I was trying to open applications like Open Office only to see the process in the task manager running as a background process. It was not up the top under Apps, but just sat there forever under background processes.

I also had 100% Disk usage with no singular app or process looking like it was causing it. I also had high memory and CPU usage. So I thought what I had done lately. I went to Programs and Features to see which applications had been updates or loaded recently. Skype was there, like it is today, and I removed it as I can no longer use it with Windows 8.1r.

There was also Spotify which I hardly ever use so I uninstalled that as well. However it was after this I started getting the problems.

So I went to System Restore Points and noticed a Critical Windows Update had been carried out on the 11th of this month. I ticked the box to show all restore points and chose the Automatic Restore Point before the update.

I did a system restore to that date which was 2 days before the Windows Update and after an hour I had my PC back and working. It was much faster and the browsers were fast as well, both Chrome and Firefox.

However I will not take away the points I made yesterday about over complicating the options and issues for privacy and security which seem far too over the top for the average user to understand.

So when I was finished with what I was doing I went to shut the laptop off and did the Windows Update again. This time it seems to not have slowed everything down. The Critical Update has been done and I have a much faster laptop. For example just look at the Task Manager, which for the same apps, with the same tabs open was showing 100% DISK usage and high Memory and CPU usage, with programs running in the background not as open Apps.

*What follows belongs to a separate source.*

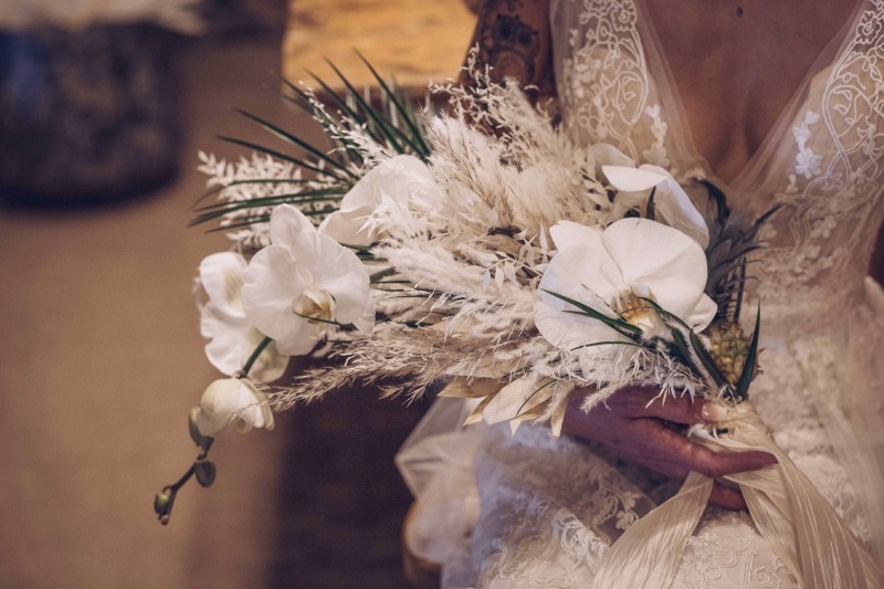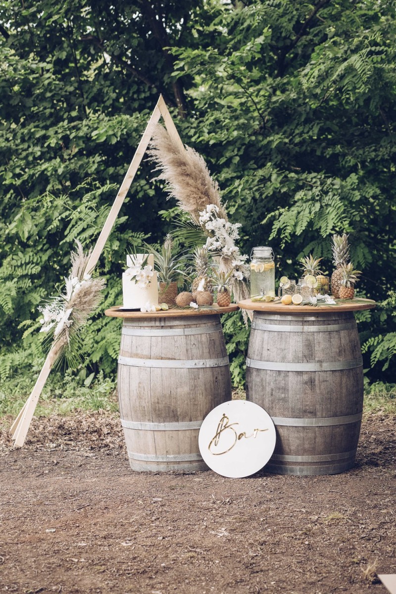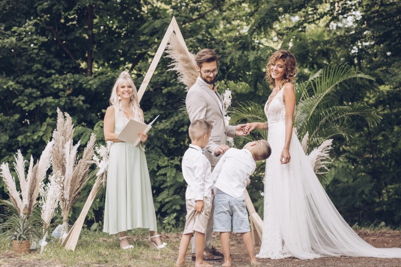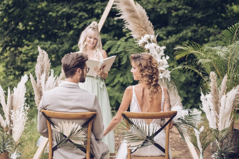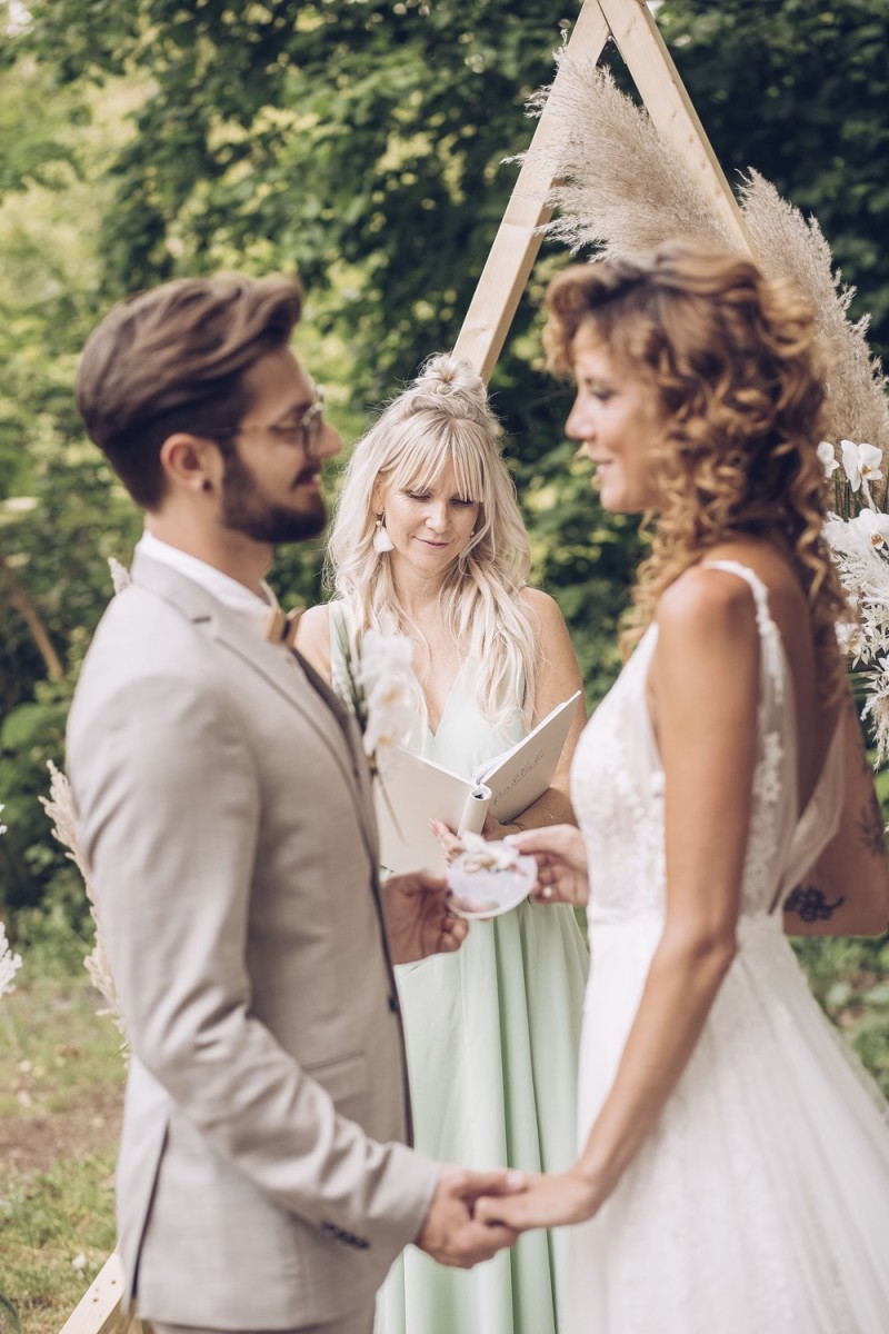 Im Außenbereich des Forsthauses erwartete das Brautpaar, nach der romantischen Zweisamkeit in der Scheune, eine tropische freie Trauung mit Traurednerin Frau Liebe, unterm freien Himmel. Ein herrliches Setting mit einem großen Traubogen, viel Pampasgras, Palmenblättern und weißen Orchideen strahlte regelrecht vor dem dichten Grün des Waldes. Die drei süßen Kids der beiden wurden natürlich in die intime Trauzeremonie einbezogen, was diese noch emotionaler machte.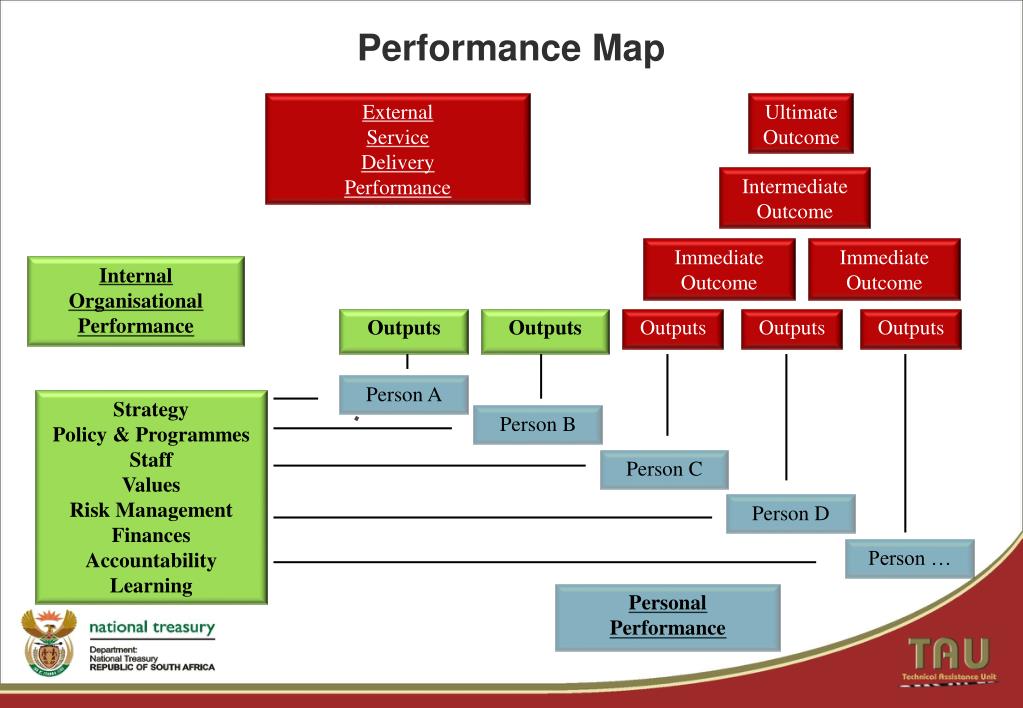 Performance Map External Service Delivery Performance Ultimate Outcome Intermediate Outcome Internal Organisational Performance Immediate Outcome Immediate Outcome Outputs Outputs Person A Outputs Outputs Outputs Strategy Policy & Programmes Staff Values Risk Management Finances Accountability Learning Person B Person C Person D Person … Personal Performance

However I am not holding my breath as it seems that all these browsers and other apps like Rapport (banking crud software), seems to be slowing the laptop down.

I think it is time I do a proper search of the computer, remove apps I don't use, run Chkdsk -f (from the command prompt), and see if a particular browser is causing me issues.


At the moment I have 5% CPU, 40% Memory 3% Disk usage (Not the 100% I was seeing all the time).

I have no ideas what the Windows Update did to screw this up and when I look at programs recently installed I only see Google Chrome as having updated itself today. Firefox is set to auto update so I will wait to see what happens when the latest version comes in as I am currently on version 70, and yesterday I was on version 71. Since Chrome updated however the CPU and Disk Usage also started to spike again.


I have decided to uninstall Chrome and just use Firefox and since doing so my disk usage is running at 1%. I have no idea what Chrome could be doing to cause these memory leaks and disk usage. I did notice in their settings under advanced the other day an option to look for "malware" that could be slowing your computer down. I reckon it is more to do with all the holes that let PUPs and other files that keep popping up after a scan in the Chrome Roaming folder that they are looking for.

However it in not uncommon for people to have issues after Windows Updates. User Profiles going missing causing you to think you have lost all your apps and other weird things. Having to do restore points seems drastic but at the moment I am happy as my apps are all running and the task manager is showing good stats. However I still think Firefox's security and privacy options are too much for the average user and some of them even confused me as their was no explanation. So read that article if you can.
I think these auto updates behind the scenes can cause major slowdowns and they should all be optional. If I have a version of Chrome that is running fast, not causing major CPU, Memory or Disk usage then I should be able to keep it. I don't want some new buggy install being rolled out and then a fix for that buggy version rolled out later.

As I said earlier IE only brings a new version of IE out once every couple of years. I cannot really see the need for 70+ versions of Chrome or Firefox unless they contain bugs and future version are to fix them.